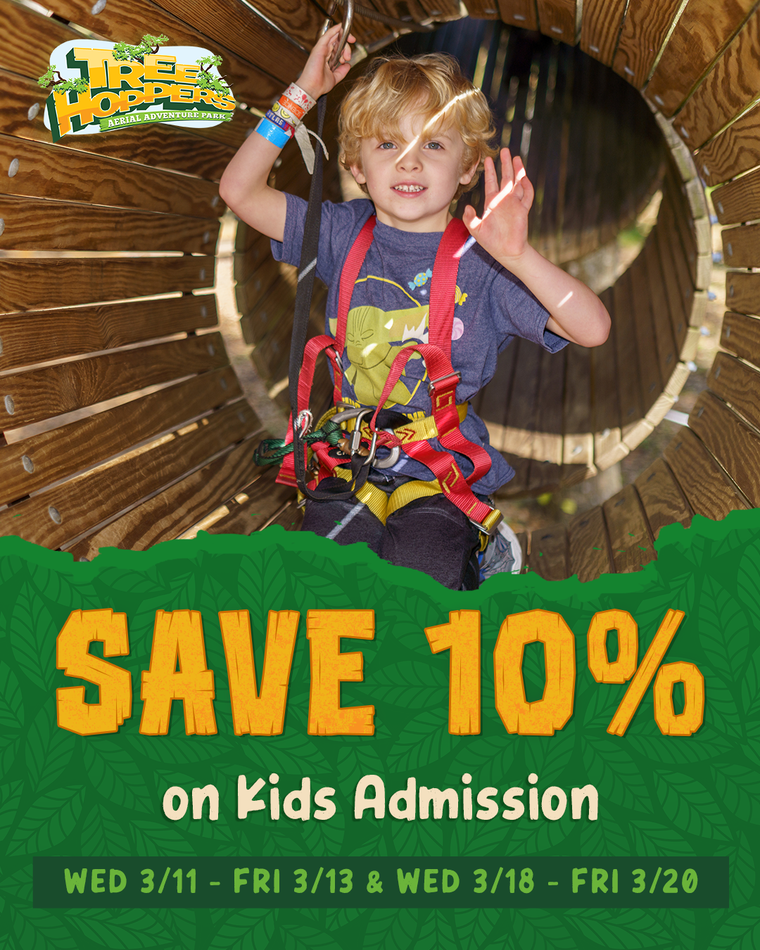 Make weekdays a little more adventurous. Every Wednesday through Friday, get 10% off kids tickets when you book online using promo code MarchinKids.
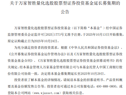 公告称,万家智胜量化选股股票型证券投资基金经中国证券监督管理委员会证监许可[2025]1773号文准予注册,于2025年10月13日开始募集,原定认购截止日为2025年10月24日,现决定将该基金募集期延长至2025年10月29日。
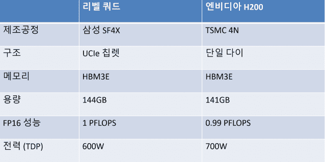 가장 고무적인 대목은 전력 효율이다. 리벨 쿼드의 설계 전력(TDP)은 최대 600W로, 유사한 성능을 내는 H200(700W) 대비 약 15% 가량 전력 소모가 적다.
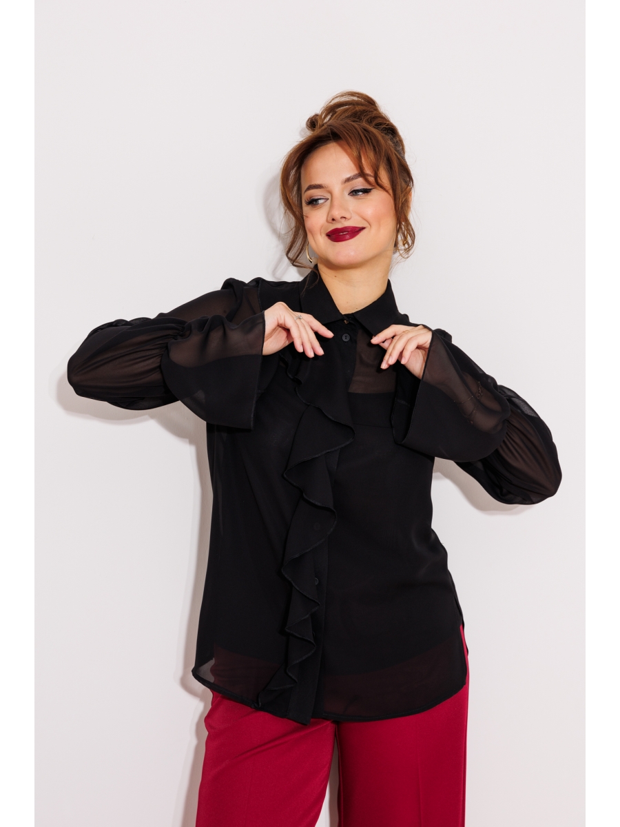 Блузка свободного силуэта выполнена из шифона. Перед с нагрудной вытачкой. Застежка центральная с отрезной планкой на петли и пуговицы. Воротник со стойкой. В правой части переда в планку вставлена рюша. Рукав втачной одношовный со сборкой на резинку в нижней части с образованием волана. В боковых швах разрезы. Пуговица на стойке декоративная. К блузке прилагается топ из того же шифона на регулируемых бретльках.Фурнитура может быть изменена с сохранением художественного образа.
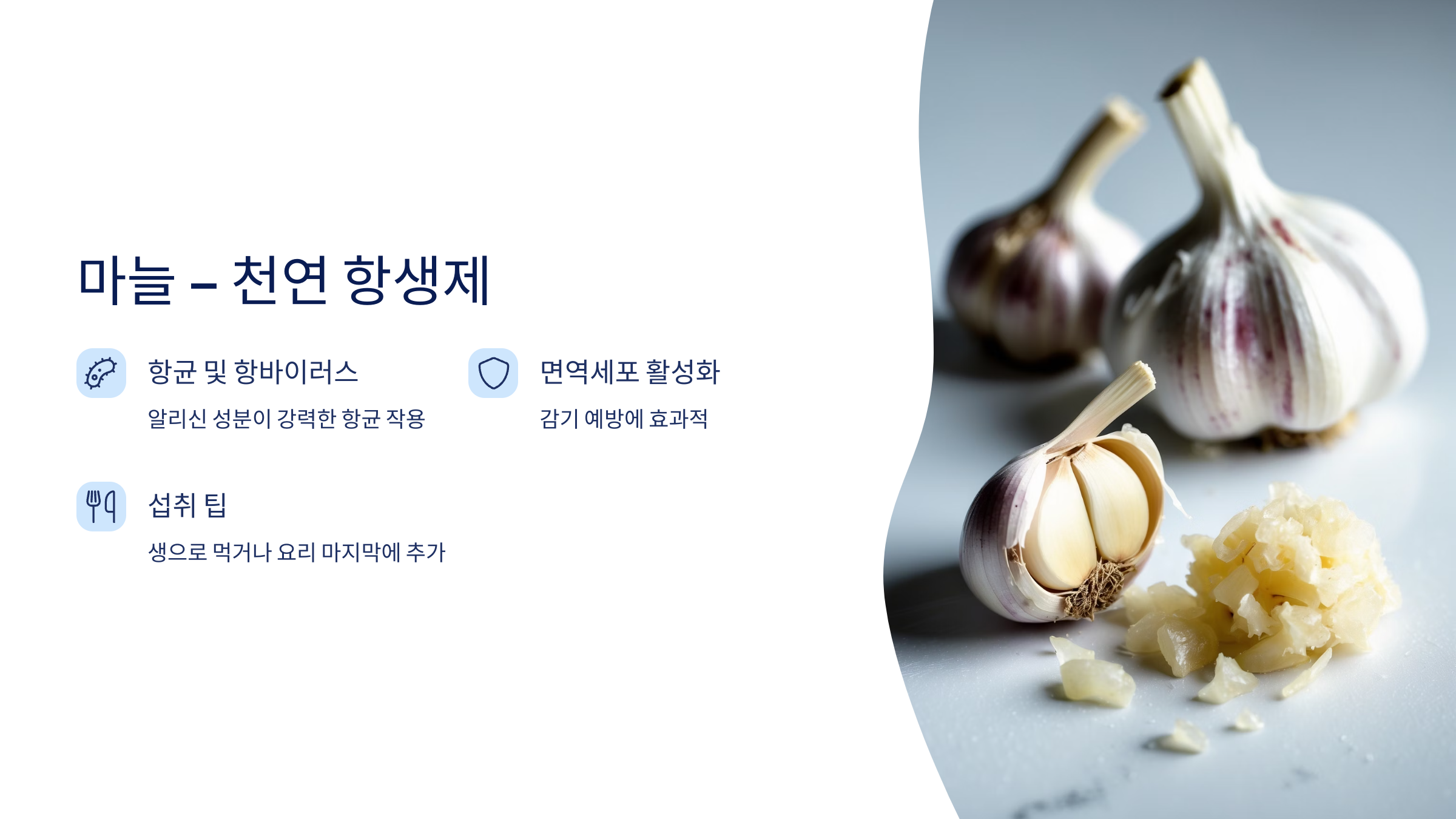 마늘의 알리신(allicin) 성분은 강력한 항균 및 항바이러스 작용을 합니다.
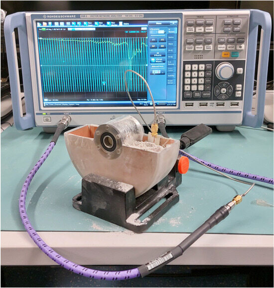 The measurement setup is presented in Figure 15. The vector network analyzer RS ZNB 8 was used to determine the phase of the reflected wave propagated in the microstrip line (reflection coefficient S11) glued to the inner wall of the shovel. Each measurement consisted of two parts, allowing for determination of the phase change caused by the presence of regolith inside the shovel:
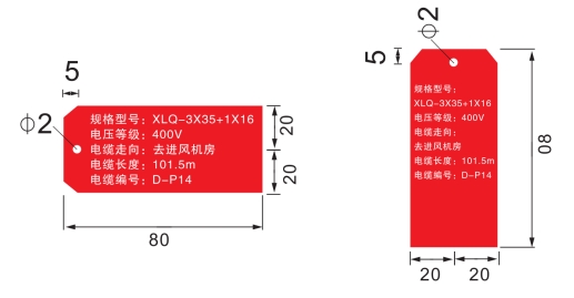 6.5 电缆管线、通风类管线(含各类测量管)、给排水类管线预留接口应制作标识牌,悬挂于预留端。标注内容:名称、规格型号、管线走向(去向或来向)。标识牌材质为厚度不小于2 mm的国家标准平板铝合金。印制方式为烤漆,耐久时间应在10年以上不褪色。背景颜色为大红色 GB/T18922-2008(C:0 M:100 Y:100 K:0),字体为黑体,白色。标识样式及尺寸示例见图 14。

-- Instructions for the task --
Please retype exactly the lines from the one containing "마늘의 알리신(allicin) 성분은 강력한 항균 및 항바이러스 작용을 합니다." to the last line of the records above, both included, without any pictures.

-- Written solution --
 마늘의 알리신(allicin) 성분은 강력한 항균 및 항바이러스 작용을 합니다.
 The measurement setup is presented in Figure 15. The vector network analyzer RS ZNB 8 was used to determine the phase of the reflected wave propagated in the microstrip line (reflection coefficient S11) glued to the inner wall of the shovel. Each measurement consisted of two parts, allowing for determination of the phase change caused by the presence of regolith inside the shovel:
 6.5 电缆管线、通风类管线(含各类测量管)、给排水类管线预留接口应制作标识牌,悬挂于预留端。标注内容:名称、规格型号、管线走向(去向或来向)。标识牌材质为厚度不小于2 mm的国家标准平板铝合金。印制方式为烤漆,耐久时间应在10年以上不褪色。背景颜色为大红色 GB/T18922-2008(C:0 M:100 Y:100 K:0),字体为黑体,白色。标识样式及尺寸示例见图 14。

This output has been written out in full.